DuPage County is leading the way in demonstrating that mediation can be a desired form of resolving disputes by drafting its own mediation rules and implementing them before other counties in Illinois. Article 14 of the Local Circuit Court Rules of the Eighteenth Circuit the creator of the Court-Ordered Mediation Program-became effective on May 1, 1996. These rules set forth the purpose of the mediation process, eligibility of certain types of conflicts for mediation, mediation conference processes, and other general mediation procedural rules. Along with some practical ethical guidelines, yet to be written into law, these rules regulate much of the mediation in DuPage.
This article will address some of the questions which are frequently asked in regard to mediation.
What is mediation?
Mediation is a voluntary process where opposing parties agree to allow a neutral third party to interpose and guide them through a process of continued discussion and negotiation with a view toward resolving the matter. The third person could be an individual mediator or two or more attorneys and/or experts representing each disputant’s interests. The mediator(s) may be chosen through a private dispute resolution agency or by court order.
Rule 14.01 of the 18th Judicial Circuit Mediation Rules, as implemented May 1, 1996, defines the purpose of mediation as a voluntary and confidential process whereby the neutral mediator assists the parties in identifying the issues, fostering joint problem-solving, exploring settlement alternatives, and reaching an agreement.
The mediator’s role is to facilitate discussion between the parties so that they may formulate their own agreement. This process allows the clients to express their positions and their interests directly to the opposing side, where the mediator asks questions and rephrases the parties’ positions so that their underlying interests surface.
The process is confidential, which means that anything discussed remains private; the mediator may not be called in subsequent proceedings to testify as to what was said during the mediation, nor may the parties be required to testify about the session. According to the Honorable Ann B. Jorgensen, anything guiding the parties toward settlement must remain confidential.
Why choose mediation instead of litigation or other forms of ADR?
In litigation, communication directly between the parties is rarely, if ever, permitted.

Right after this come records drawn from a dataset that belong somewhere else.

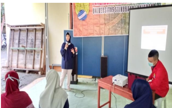
Gambar 2 : Pelaksanaan Penyuluhan hukum.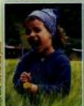
Autor slike: Milica Begonja, Škofja Loka, Sara in Anja Jakič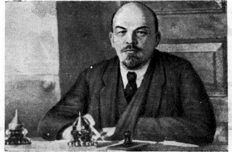
В. И. Ленин на первом заседании после ранения. 1918 год.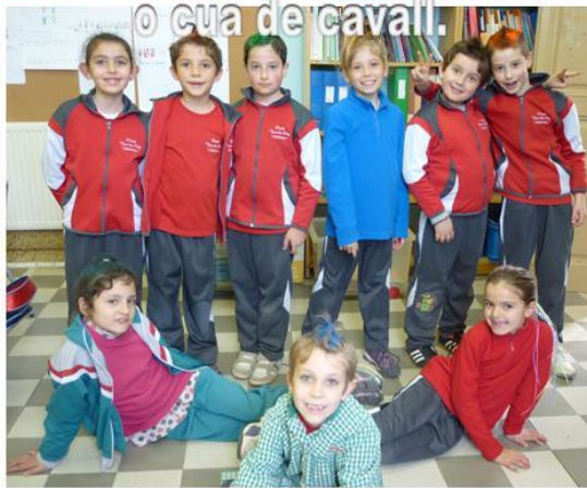
o cua de cavall.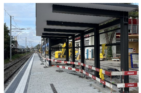
Schwäbis: Neues Perron mit Unterstand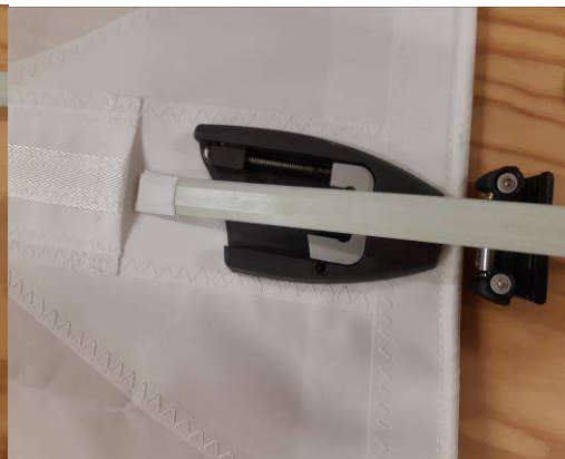
Introduisez la latte dans le gousset bien droite et sans forcer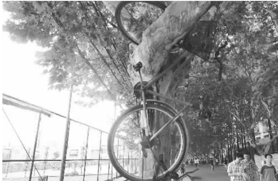
南京理工大学校园里,毕业生们导演的“行为艺术”——不走寻常路的自行车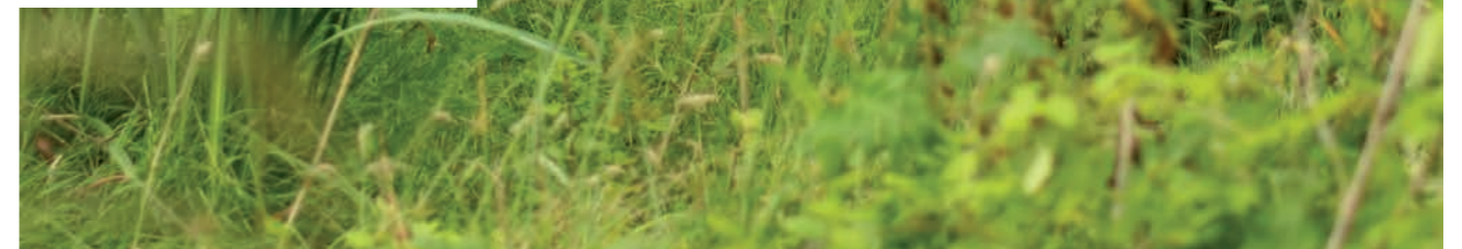
'Grief' - SOW24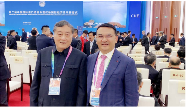
▲ 钱金耐董事长与娃哈哈集团创始人宗庆后在进博会开幕式上合影

（上接第一版）习近平总书记连续两年出席中国国际进口博览会开幕式发表主旨演讲，充分体现了中国政府的高度重视，体现了中国支持多边贸易体制、推动贸易自由化、便利化的一贯立场，让人看到了中国推动建设开放型世界经济、构建人类命运共同体的实际行动。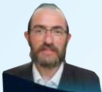
הרב מרדכי שלמה פריינד שליט"א הדף היומי בהלכה • אידיש שלוחה 1/3/1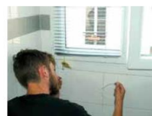
► Préparation des câbles du store guidé.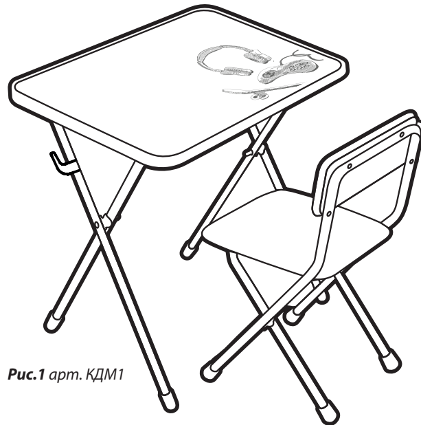
Рис.1 арт. КДМ1

Перед эксплуатацией следует ознакомиться с паспортом и руководством по эксплуатации. Следуя инструкции, выполните установку стола и стула.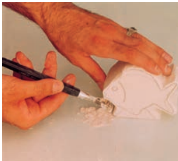
تصویر ۶-ج - تراشیدن قسمتهای اضافی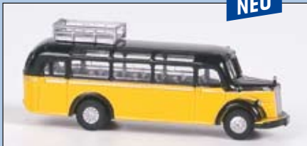
LC 3115 MB O 3500 Reisebus mit Dachfenstern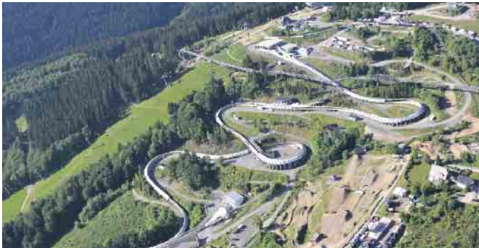
Luftaufnahme VELTINS-EisArena.

Mit dem BobbahnRun Winterberg feiert am 24. Juni ein neues Laufevent Premiere. Bislang haben sich 219 Laufbegeisterte für die ganz besondere Herausforderung angemeldet: Nach einer 5 Kilometer-Laufrunde durch die Wälder des Erlebnisbergs Kappe gilt es die 1,6 Kilometer lange Bobbahn zu be-

Litigation involves very little client participation; the attorneys plead the case, and a judge and/or jury decides who wins and who loses, all of which is open to the public.
Arbitration, another form of ADR, requires the parties to abide by the decision of an impartial third person who makes her decision after hearing each sides’ arguments. This form of ADR takes the case out of the parties’ hands and places the ultimate decision in someone else’s grasp.
Arbitration is like litigation; one party wins and one party loses. Also, according to DuPage County Arbitration Rule 13.08, a party who is not pleased with the award given by the arbitrator may reject it, whereas there is no appeal allowed from a mediation settlement.
Mediation allows the parties to fashion their own agreement that they must follow. When the parties are able to come to agreement through mediation, they can define a "win" for themselves.
There are also some subtle differences attorneys should note. Mediation Rule 14.04 allows the parties to limit discovery to the development of the information necessary to facilitate a meaningful mediation conference, which significantly limits costs to the parties, whereas arbitration and litigation generally require discovery to be completed, incurring more time and expense than may be needed to settle.
According to Anne Swanson, Arbitration/Mediation Administrator for the 18th Judicial Circuit, discovery is stayed pending the mediation conference, which requires the parties to be comfortable with the level of discovery they have. If the mediation session does not end in agreement, discovery may be reopened, whereas discovery may only be reopened after arbitration by leave of court. This translates into lower costs for the mediation; the parties only complete that amount of discovery with which they feel comfortable to move forward, whereas arbitration requires all discovery to be completed.
Also, the amount of time parties have to present their cases differ among the forms of ADR. While arbitration or litigation often have strict time constraints, mediation allows the parties to agree on the time they wish to spend settling the case. DuPage County Arbitration Rule 13.03 provides that mandatory arbitration is limited to two (2) hours, whereas the mediation session may last from one (1) to as many hours as the parties believe they need, even allowing the conference to continue if it becomes too late in the day.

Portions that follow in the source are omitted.